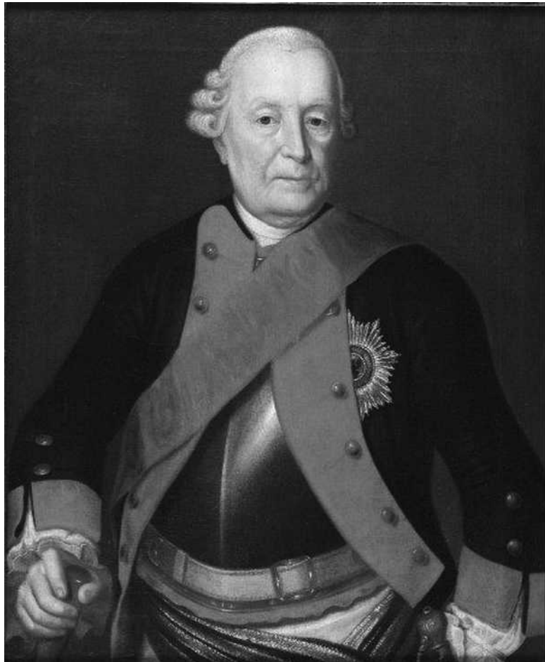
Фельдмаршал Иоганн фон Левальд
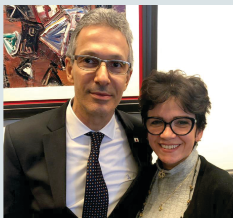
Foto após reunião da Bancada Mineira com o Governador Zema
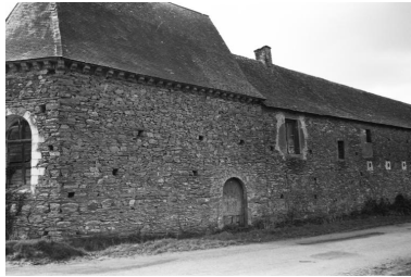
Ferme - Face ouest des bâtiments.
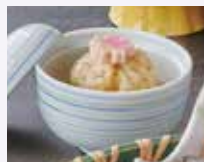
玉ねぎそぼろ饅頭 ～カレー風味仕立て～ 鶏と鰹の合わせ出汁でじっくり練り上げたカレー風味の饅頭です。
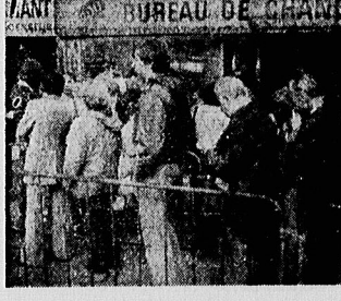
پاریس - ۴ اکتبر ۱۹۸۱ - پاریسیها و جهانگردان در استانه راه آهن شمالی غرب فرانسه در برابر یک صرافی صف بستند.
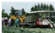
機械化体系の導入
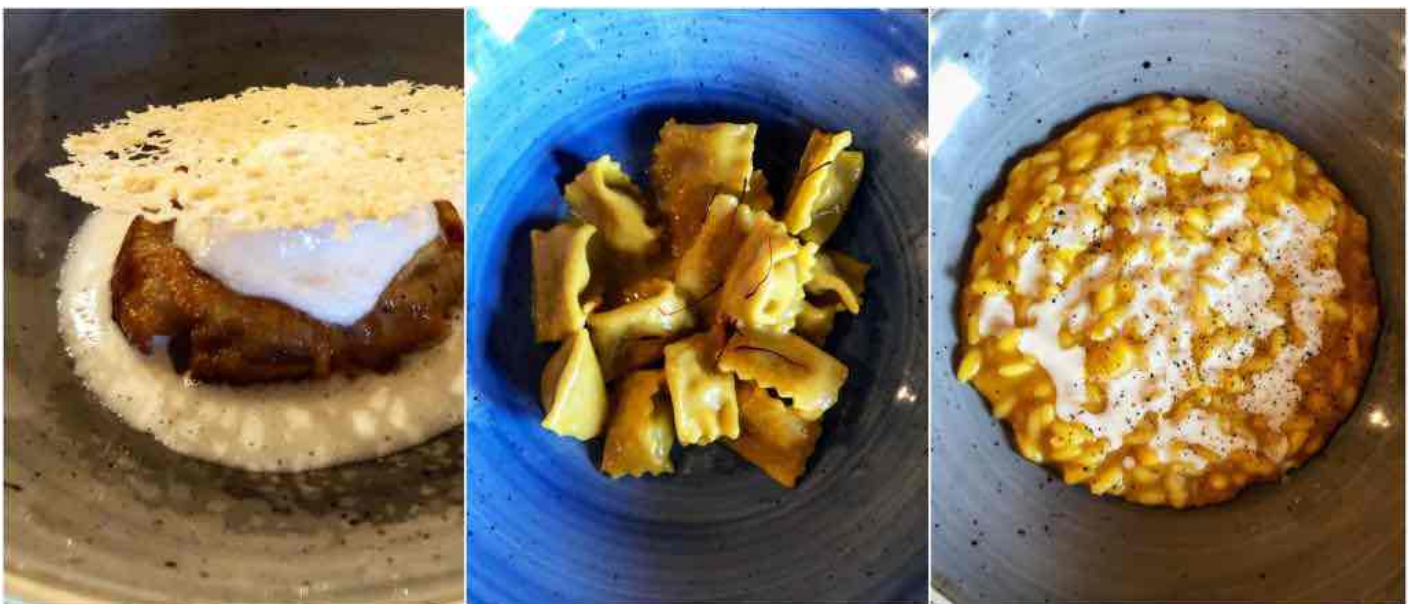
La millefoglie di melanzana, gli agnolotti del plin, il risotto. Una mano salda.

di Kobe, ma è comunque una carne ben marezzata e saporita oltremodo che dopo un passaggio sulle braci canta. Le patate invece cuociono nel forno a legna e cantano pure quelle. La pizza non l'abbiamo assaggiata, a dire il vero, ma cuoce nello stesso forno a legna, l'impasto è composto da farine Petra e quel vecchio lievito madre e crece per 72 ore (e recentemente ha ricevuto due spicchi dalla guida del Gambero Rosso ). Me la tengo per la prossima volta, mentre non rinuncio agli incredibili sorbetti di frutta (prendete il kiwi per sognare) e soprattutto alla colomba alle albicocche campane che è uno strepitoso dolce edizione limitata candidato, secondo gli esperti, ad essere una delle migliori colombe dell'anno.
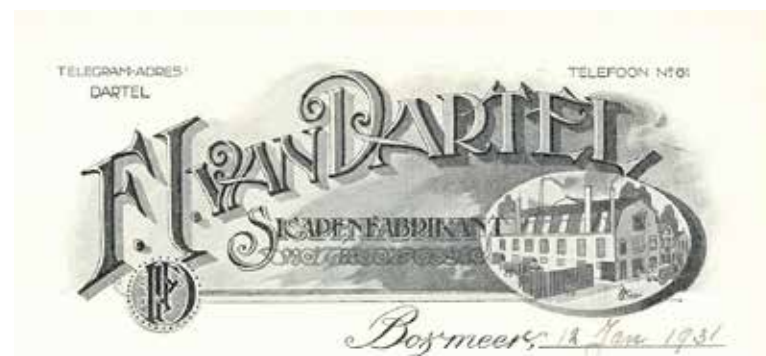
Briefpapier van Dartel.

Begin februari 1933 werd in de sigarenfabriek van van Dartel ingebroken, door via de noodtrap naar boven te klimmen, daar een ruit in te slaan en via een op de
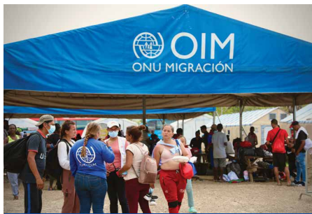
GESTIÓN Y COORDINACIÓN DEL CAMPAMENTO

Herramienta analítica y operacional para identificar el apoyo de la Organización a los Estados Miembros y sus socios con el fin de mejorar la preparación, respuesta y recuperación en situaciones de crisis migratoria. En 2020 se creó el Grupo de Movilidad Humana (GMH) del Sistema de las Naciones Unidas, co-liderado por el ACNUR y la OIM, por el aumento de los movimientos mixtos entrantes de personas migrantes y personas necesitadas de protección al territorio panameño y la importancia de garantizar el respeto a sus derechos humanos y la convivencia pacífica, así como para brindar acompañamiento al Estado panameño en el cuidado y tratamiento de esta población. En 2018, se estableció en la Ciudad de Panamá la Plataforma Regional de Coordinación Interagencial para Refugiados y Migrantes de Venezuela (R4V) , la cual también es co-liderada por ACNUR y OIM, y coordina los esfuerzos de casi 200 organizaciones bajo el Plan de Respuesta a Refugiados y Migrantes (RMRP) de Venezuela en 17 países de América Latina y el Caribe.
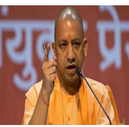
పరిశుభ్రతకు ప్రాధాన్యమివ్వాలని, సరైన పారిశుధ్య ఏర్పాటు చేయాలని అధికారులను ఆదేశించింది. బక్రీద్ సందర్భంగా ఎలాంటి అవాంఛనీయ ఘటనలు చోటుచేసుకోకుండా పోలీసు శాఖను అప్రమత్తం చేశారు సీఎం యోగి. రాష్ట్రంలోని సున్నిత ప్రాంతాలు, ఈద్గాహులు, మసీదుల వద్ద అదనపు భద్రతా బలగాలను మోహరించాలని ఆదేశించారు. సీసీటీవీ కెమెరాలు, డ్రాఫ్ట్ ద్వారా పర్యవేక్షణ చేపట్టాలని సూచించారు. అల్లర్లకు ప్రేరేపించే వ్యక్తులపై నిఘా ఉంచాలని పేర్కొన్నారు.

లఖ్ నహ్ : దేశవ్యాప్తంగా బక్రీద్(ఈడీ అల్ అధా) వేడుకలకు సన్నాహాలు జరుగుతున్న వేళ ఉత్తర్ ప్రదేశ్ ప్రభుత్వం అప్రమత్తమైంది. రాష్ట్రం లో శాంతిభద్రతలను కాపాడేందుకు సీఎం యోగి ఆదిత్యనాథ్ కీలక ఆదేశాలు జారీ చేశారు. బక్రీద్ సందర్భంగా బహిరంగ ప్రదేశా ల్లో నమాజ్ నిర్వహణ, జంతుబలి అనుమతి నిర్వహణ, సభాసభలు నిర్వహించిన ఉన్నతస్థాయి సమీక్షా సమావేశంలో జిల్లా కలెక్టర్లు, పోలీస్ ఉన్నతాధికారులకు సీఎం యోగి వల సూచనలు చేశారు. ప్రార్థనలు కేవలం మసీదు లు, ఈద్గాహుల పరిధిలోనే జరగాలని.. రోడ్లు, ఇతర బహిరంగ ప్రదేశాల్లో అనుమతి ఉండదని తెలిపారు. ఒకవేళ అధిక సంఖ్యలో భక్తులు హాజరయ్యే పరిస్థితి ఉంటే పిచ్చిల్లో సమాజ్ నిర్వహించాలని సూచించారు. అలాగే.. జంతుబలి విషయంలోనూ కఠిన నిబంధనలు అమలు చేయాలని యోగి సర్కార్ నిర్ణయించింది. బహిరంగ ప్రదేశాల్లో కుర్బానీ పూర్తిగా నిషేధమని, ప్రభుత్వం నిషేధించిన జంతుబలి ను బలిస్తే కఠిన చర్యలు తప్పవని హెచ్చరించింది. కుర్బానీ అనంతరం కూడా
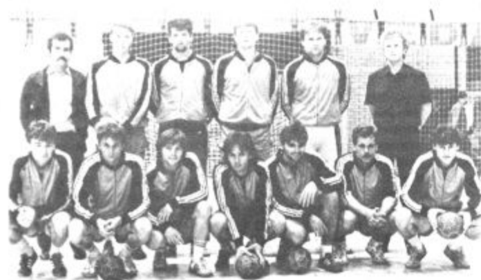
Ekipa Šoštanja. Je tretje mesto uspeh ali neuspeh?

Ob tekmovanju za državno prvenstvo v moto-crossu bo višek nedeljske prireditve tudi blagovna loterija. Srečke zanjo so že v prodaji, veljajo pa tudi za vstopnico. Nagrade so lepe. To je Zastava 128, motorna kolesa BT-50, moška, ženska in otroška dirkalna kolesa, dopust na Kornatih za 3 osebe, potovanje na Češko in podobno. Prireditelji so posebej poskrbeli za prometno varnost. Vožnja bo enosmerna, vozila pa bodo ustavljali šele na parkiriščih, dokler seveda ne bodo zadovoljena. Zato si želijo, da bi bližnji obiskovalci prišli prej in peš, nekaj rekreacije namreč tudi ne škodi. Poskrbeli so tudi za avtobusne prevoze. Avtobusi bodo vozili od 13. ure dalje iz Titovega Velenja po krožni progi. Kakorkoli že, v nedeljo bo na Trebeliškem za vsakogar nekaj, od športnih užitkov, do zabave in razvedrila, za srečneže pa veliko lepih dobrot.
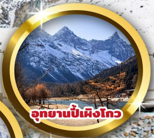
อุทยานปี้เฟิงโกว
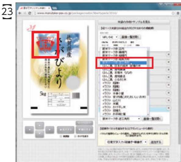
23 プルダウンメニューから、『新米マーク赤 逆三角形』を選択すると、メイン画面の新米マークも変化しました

+ + + + + + +

▶ [Requirement]: Tally the lines of the listing that contain "Dartel" and give the tally alone.

▶ [Your response]: 2